Sunday, February 17, 2008

The Economics of Cooperation

This post is going to require at least a basic knowledge of the prisoner’s dilemma (PD) and moreover what is so special about the iterated prisoner’s dilemma. However, I hope it has some interesting points even for those who know nothing about it, and cannot be bothered to do any research.

The IPD allows punishment and reward for behaviour, and it allows participants to learn and create a reputation. These factors were enforced when Robert Axelrod[i] conducted experiments where computer programs were pitched against each other in an IPD. The winner was Anatol Rapoport’s program TIT FOR TAT, which has yet to be beaten by another single program (a multiple program entry involving slaves and masters did beat it), even when tested against hundreds of programs designed specifically in the knowledge of its success. The triumph of TIT FOR TAT was thought to be down to the following characteristics (as stated on page 110 of ref. (1)):
1) Don’t be envious
2) Don’t be the first to defect
3) Reciprocate both cooperation and defection
4) Don’t be too clever
These points outline how successful economic behaviour should be conducted, and relies on the knowledge that the PD is not a zero-sum game, that is whatever someone gains the other does not stand to lose, or vice versa. Therefore, by point one, you should not worry if your immediate competitor is beating you, it’s the long run that matters. By point two you should not be the first to defect – again in the long run the punishments (loss of reputation for example) would outweigh the short term benefit. Point three shows how you should be retaliatory and forgiving, by this you will not be abused by exploitative institutions, and you will quickly forgive single instances of provocation (or in TIT FOR TAT’s case, any instance - another of its virtues was its short memory). Point four shows how you shouldn’t be too clever when evaluating economic behaviour, for instance in a “zero-sum game, such as chess, we can safely use the assumption that the other player will pick the most dangerous move that can be found, and we can act accordingly.” In this situation it pays to be as complicated and multifaceted in an analysis as possible. However, your opponent your economic behaviour effects is not out to defeat you. Also, if you are too complex your opponent may think you are unresponsive and acting randomly.
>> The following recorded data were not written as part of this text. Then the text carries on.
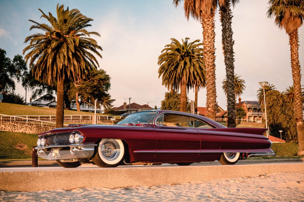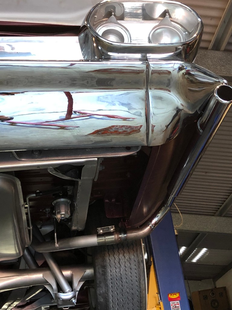 The challenge with the exhaust on the Caddy is that it is airbagged so clearance had to be taken into consideration as well as the factory X-chassis so no crossovers. I assisted with the construction and we utilised the original exhaust opening through parts of the chassis. We went from 3 inch primaries down to the 1 7/8th size pipes for the ends of the Bellflower tips.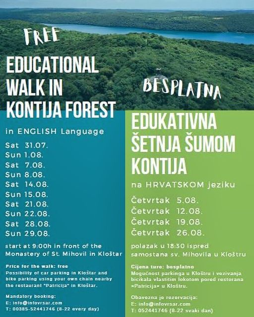 Rezervirajte mjesto na vrijeme i ne propustite ovu jedinstvenu priliku za upoznavanje bogatstva biljnog i životinjskog svijeta posebnog rezervata šumske vegetacije Kontija i uživanje u prirodnim ljepotama ovog zaštićenog područja.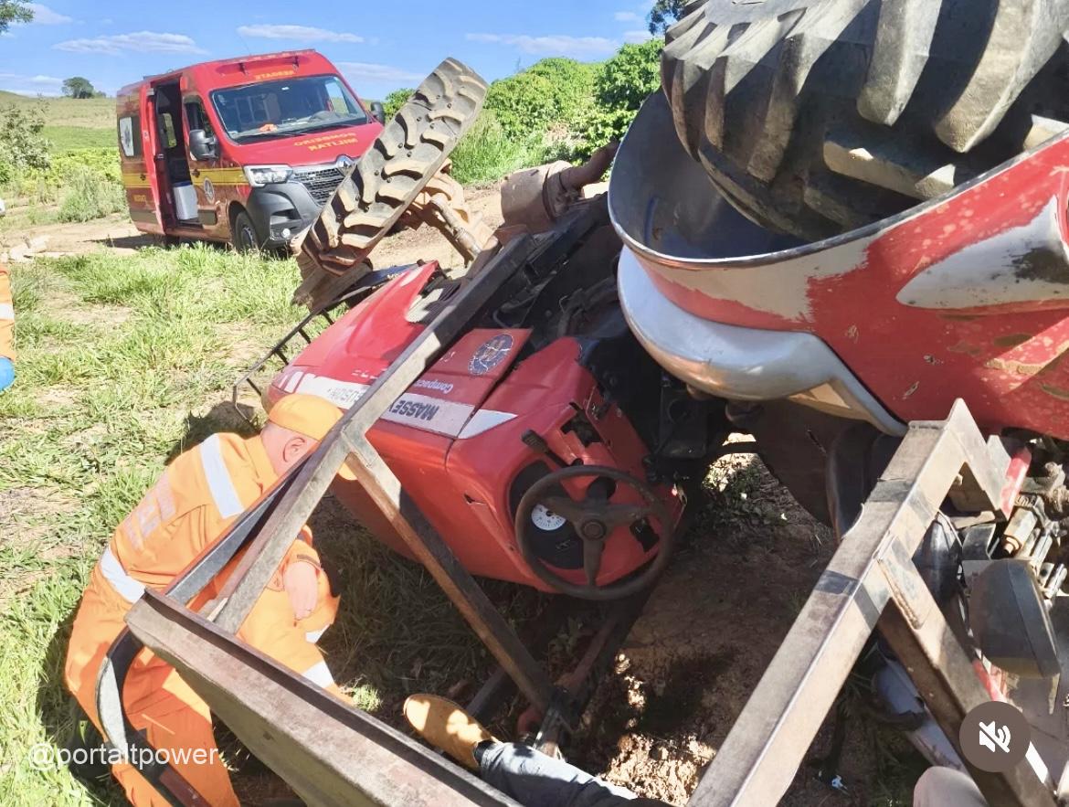 Um homem ficou ferido após o trator que conduzia tombar em uma propriedade rural próxima à comunidade do Tomba, na tarde de quarta-feira (22), em Lavras (MG).

Indeed examples of the PD are found throughout life, and notably, the ensuing theme of all these is that mutually cooperating is of most benefit to everyone. As a last example, take the ‘live and let live’ system that was endemic in trench warfare in WWI, soldiers would only shoot to wound their enemy, in the hope the action would be returned. In this way a system of reciprocity became a natural part of trench warfare and, if cooperation can evolve out of warfare, maybe everyone should take the time to examine the PD and realise the benefits its implications could have for our world.

[i] Axelrod, Robert – The evolution of co-operation. Penguin books. 1984.